Start of SOURCE INFORMATION

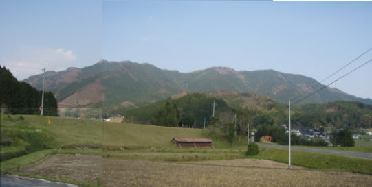 美作加茂からの大釈山(左山塊中央ピーク奥)と公郷山(右山塊の中央ピーク)
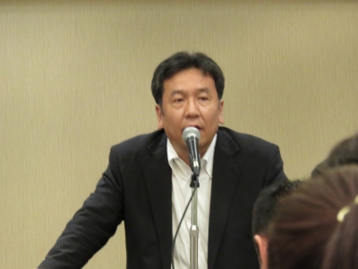 (来賓の挨拶をする枝野幸男幹事長です)
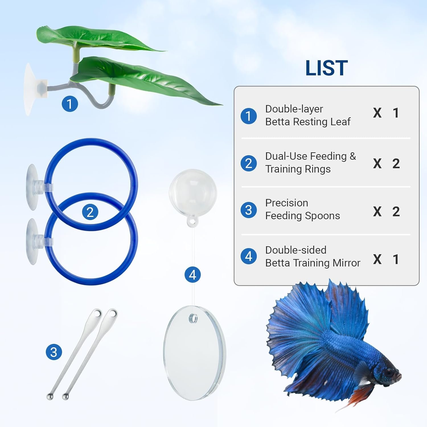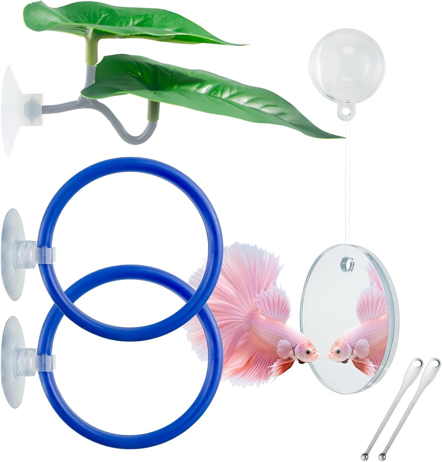Give your betta fish a healthier, more engaging aquarium life with our all-in-one enrichment kit. Designed by fish-keeping enthusiasts, this complete set combines essential tools for feeding, training, and rest – supporting natural behaviors while simplifying tank maintenance.
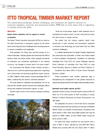 Sabah timber industries call for support to remain   specialised downstream areas,” he said, noting that the sector
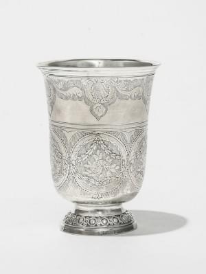 379. Timbale tulipe d'époque Louis XV à décor ciselé d'entrelacs et g...
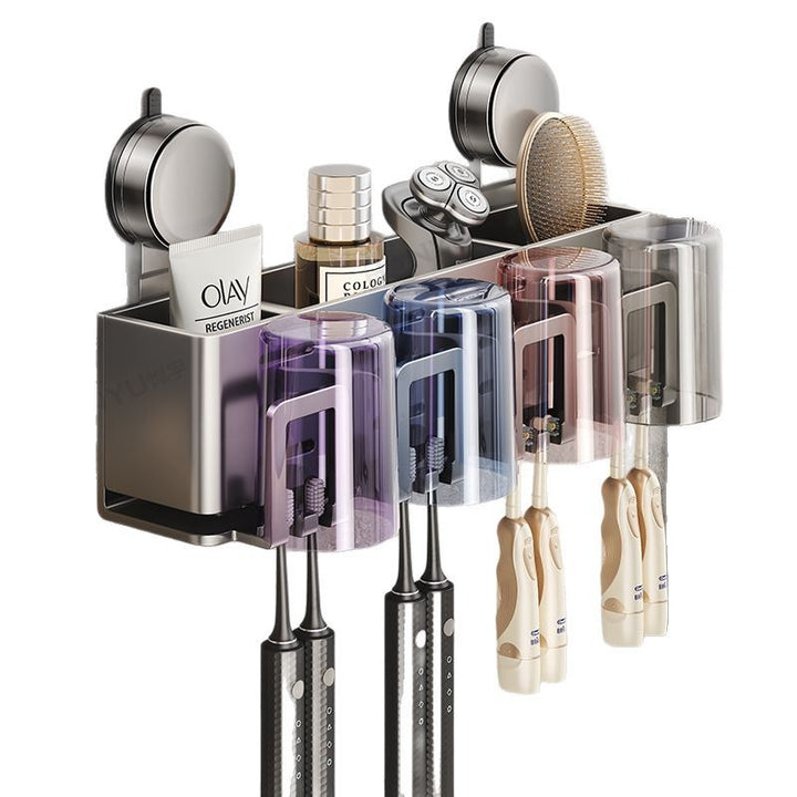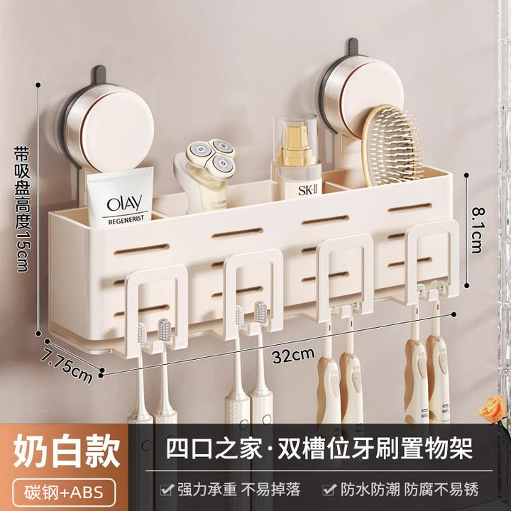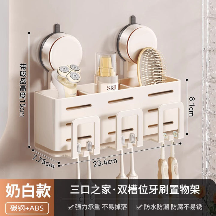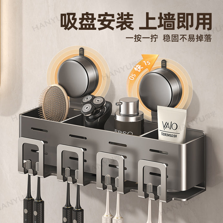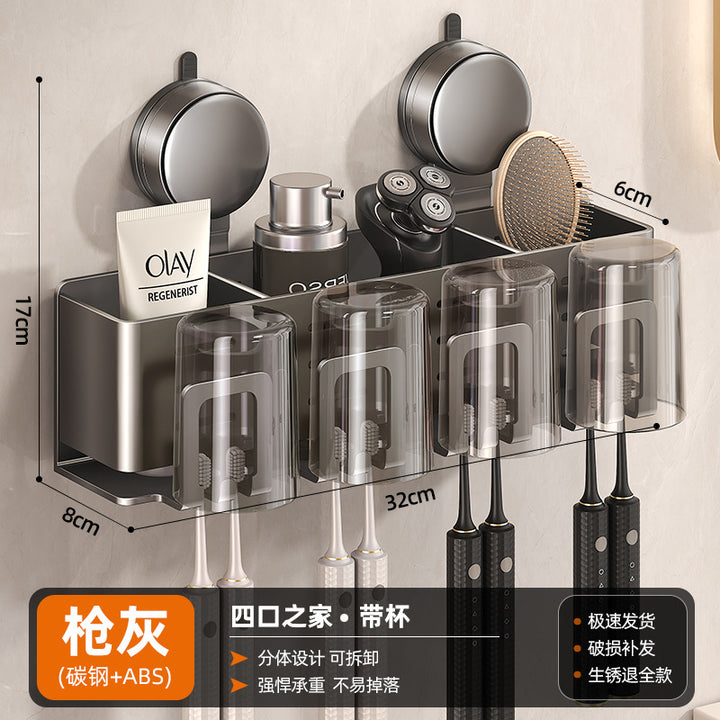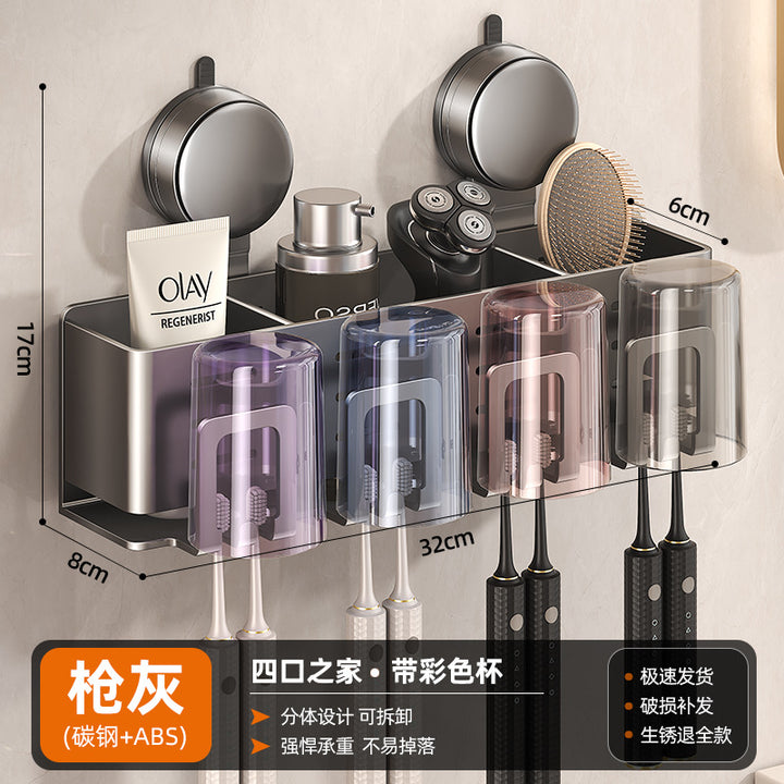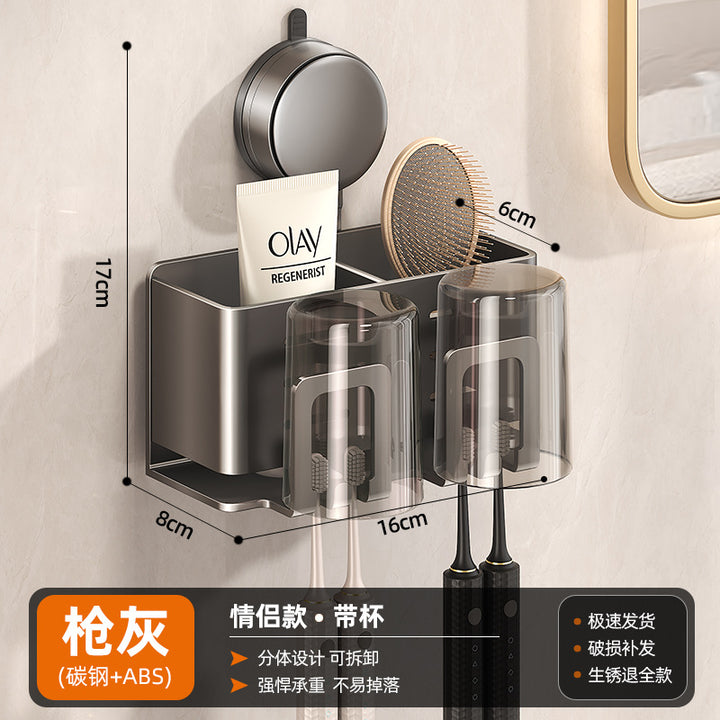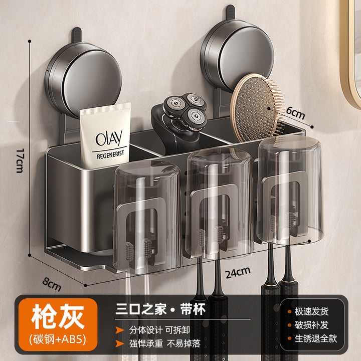 Grey suction cup, toothbrush holder, shelf, removable and washable, no punching in the bathro...

End of SOURCE INFORMATION

> [DIRECTIONS]: Pictures stay out, but every record above is to be returned exactly.

> [OUTPUT BELOW]:
 美作加茂からの大釈山(左山塊中央ピーク奥)と公郷山(右山塊の中央ピーク)
 (来賓の挨拶をする枝野幸男幹事長です)
Give your betta fish a healthier, more engaging aquarium life with our all-in-one enrichment kit. Designed by fish-keeping enthusiasts, this complete set combines essential tools for feeding, training, and rest – supporting natural behaviors while simplifying tank maintenance.
 Sabah timber industries call for support to remain   specialised downstream areas,” he said, noting that the sector
 379. Timbale tulipe d'époque Louis XV à décor ciselé d'entrelacs et g...
 Grey suction cup, toothbrush holder, shelf, removable and washable, no punching in the bathro...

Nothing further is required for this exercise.